Regions with significant populations
- Altai Republic

Religions
- Ethnic religion • Tengrism

Languages
- Altai

Related ethnic groups
- Altaians

= Burkhanism =

Indigenous religious movement of the Altai people

Burkhanism, known endonymically as Ak Jang (Ак јаҥ /alt/; lit. 'White Faith'), is an indigenist new religious movement that flourished among the Altai people of Russia's Altai Republic between 1904 and the 1930s. The Russian Empire was suspicious of the movement's potential to stir up native unrest and perhaps involve outside powers.

Originally millenarian, charismatic and anti-shamanic, the Burkhanist movement gradually lost most of these qualities—becoming increasingly routine, institutionalized (around a hierarchy of oral epic singers) and accommodating itself to the pre-existing Altaian folk religion. It exists today in several revival forms.

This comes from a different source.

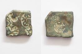 | Description / विवरण | On the obverse three arched hill with crescent, six spikes chakra, sun tree, seating bull are depicted. On the reverse Nandipada is depicted. |
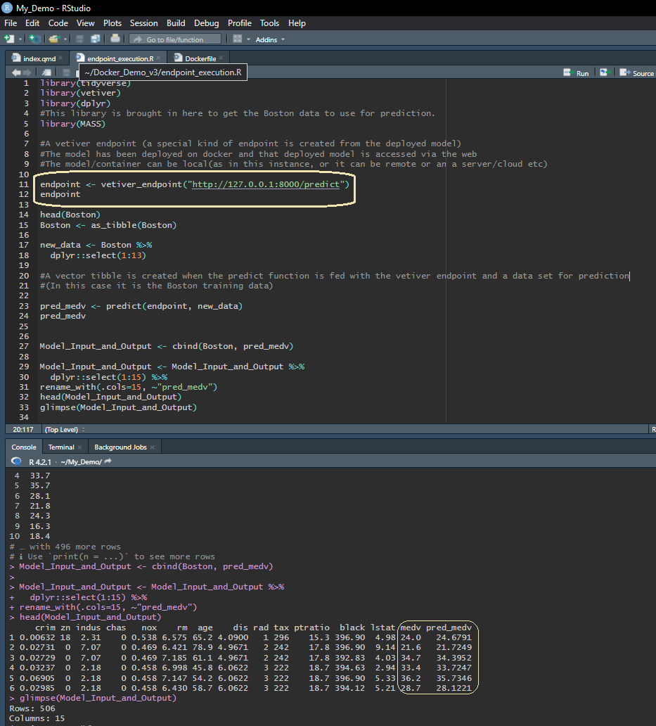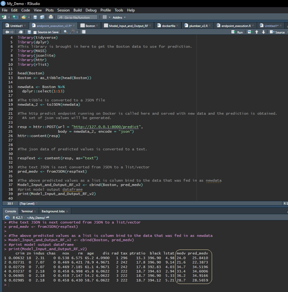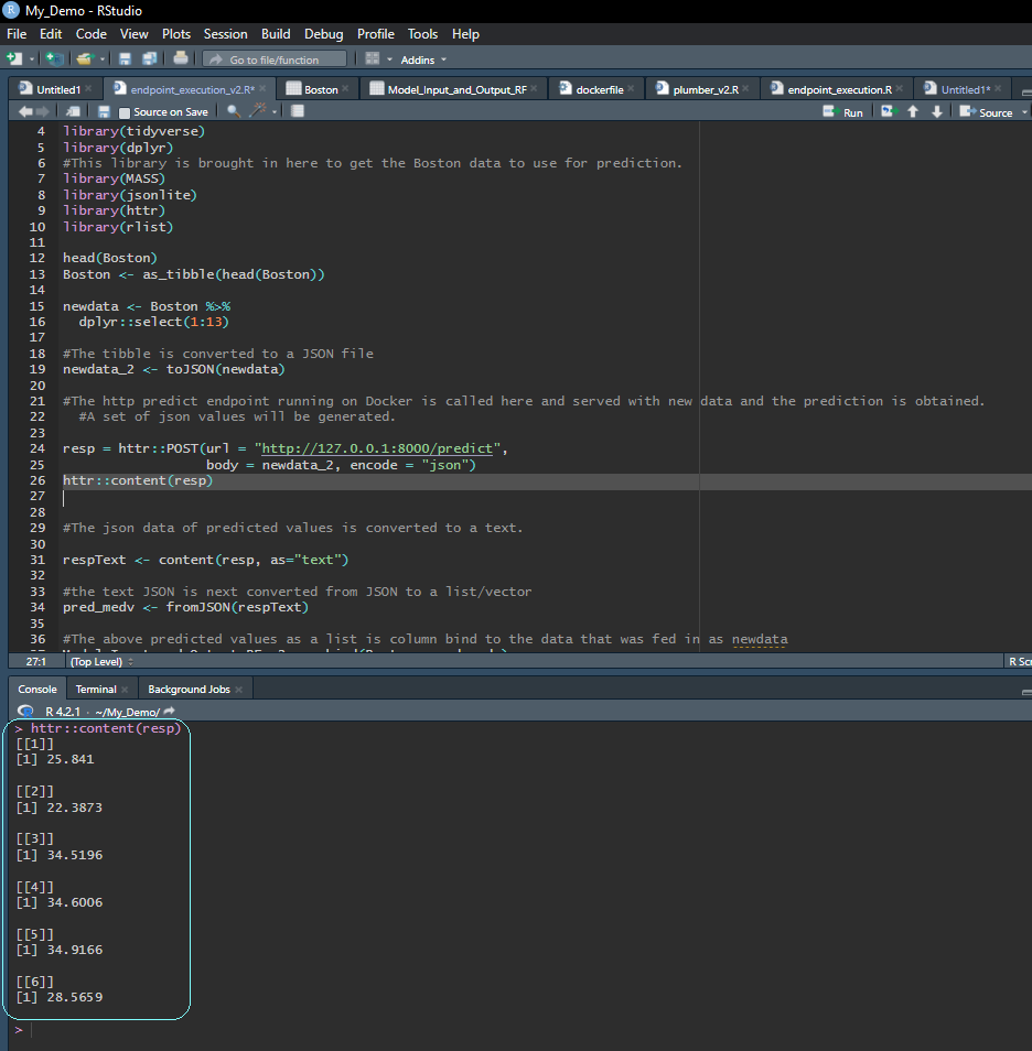 This is illustrated in Figure 16 where we come to a R terminal and pass a sample of the Boston Housing data-set to the vetiver endpoint and get predictions for multiple rows of predictor variables.

On the whole, the Burkhanist movement was shown to be a syncretistic phenomenon combining elements of ancient pre-shamanist, shamanist, Tibetan Buddhist and Eastern Orthodox Christian beliefs. According to a professor of Tomsk State University Liudmila Sherstova, it emerged in response to the needs of a new people—the Altai-kizhi or Altaians who sought to distinguish themselves from the neighboring and related tribes and for whom Burkhanism became a religious form of their ethnic identity.

== Origins of the name ==

Burkhanism is the usual English-language scholarly name, which has its origin in the Russian academic usage. One of the Burkhanist deities is Ak-Burkhan, or "White Burkhan". Burkhan is the Turkified version of the name Buddha —derived from Middle Chinese 佛 (MC bjut, “Buddha”) and Old Turkic 𐰴𐰣 (qan, “ruler, king”)— yet Burkhanism is not considered Buddhist, as the term is also used in shamanistic nomenclature. For example, in Mongolian shamanism, the name of the most sacred mountain, the rumored birthplace and final resting spot of Genghis Khan, is also Burkhan Khaldun. Ak-Burkhan is only one of a pantheon of deities worshiped by Burkhanists (see list below), but Ak-Burkhan nevertheless provides the name of the religion in Russian, and hence into other languages.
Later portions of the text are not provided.